- **Raw data**:
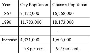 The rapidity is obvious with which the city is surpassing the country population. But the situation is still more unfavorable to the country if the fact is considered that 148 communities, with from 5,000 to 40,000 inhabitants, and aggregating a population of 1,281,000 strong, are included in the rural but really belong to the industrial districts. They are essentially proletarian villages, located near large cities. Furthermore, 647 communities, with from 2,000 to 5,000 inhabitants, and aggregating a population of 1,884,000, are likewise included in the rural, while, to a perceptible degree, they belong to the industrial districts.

---

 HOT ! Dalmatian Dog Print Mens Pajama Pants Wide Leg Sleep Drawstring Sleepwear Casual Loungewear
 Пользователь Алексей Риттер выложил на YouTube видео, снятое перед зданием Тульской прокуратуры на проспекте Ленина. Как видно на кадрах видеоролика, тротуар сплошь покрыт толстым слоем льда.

- **Assignment**: The reply should consist solely of the lines above from the one that has "HOT ! Dalmatian" through the one that has "Пользователь Алексей Риттер", reproduced exactly.

- **Exercise answer**:
 HOT ! Dalmatian Dog Print Mens Pajama Pants Wide Leg Sleep Drawstring Sleepwear Casual Loungewear
 Пользователь Алексей Риттер выложил на YouTube видео, снятое перед зданием Тульской прокуратуры на проспекте Ленина. Как видно на кадрах видеоролика, тротуар сплошь покрыт толстым слоем льда.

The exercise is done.